I am getting my 1st GSD in a few weeks, but I have been involved in the Labrador Retriever world for the last 25+ years. Including being president of my local club (that hosted AKC field trails, hunt tests and HRC hunt tests). Which is to say - I know just a little something about "club dynamics". Both the good and the ugly... :laugh:

I'm not disputing your (*onyx'girl*) claim that this attitude might be true in that club (and yes, I know you were speculating and not stating fact). I've seen it in some other clubs in my area.

But it's a really, REALLY short sighted view for a club to take. 

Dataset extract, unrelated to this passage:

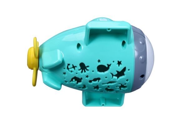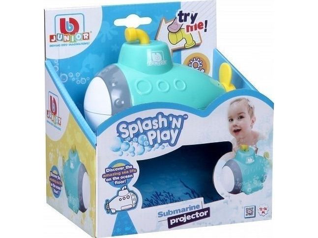 Undersøk den magiske verdenen under vann med Splash'N'Play ubåtprosjektoren! Trykk på periskopet og la lyskjeglen lyse opp det utrolige livet på havbunnen. Ubåten og prosjektoren er vanntette. Bruker 3 AG13-batterier. Fra 12-36 måneder.

First, I think back to when I got my first lab. I joined the local retriever club NOT wanting to "get titles" or "become a breeder" - but because I saw it as a way I could better train my retriever to be a better hunting companion. Getting titles on my dogs and eventually breeding came later (much later).


Does these SCH clubs not see that training for SCH skills is beneficial for the dog/owner in it's own right? Even if that person never enters an event or breeds their dog? A person with that "commitment" is something that takes time to develop - virtually nobody starts out that way from day 1.


Secondly, running a club takes manpower. Over time, people get older, loose interest, and burn out (I eventually burned out of the retriever games). That means clubs are always in need of an infusion of "new blood". If they are only seeking those people who are "committed to be a competitor", do they not realize that their club will eventually die out?



So I guess what I'm saying is that I object to your phrase "wasting the club's time"....


----------



## TxFig

I forgot to mention - I am DESPERATELY seeking a SCH/IPO club somewhere near my hometown of Bryan-College Station, TX..... 

Hopefully, one without alot of "snobs"...


----------



## Jag

I think Jane is correct. You don't just go to a club and say "Hey, I wanna join!" and you're in. You have to go through a process to be accepted. They want to make sure you're committed to the club. So 'not wasting the club's time' is EXACTLY the point. The only thing I find worrisome is that you could sometimes spend months with a club you want to join and maybe not get voted in.


----------



## TxFig

Jag said:


> I think Jane is correct. You don't just go to a club and say "Hey, I wanna join!" and you're in. You have to go through a process to be accepted. They want to make sure you're committed to the club. So 'not wasting the club's time' is EXACTLY the point. The only thing I find worrisome is that you could sometimes spend months with a club you want to join and maybe not get voted in.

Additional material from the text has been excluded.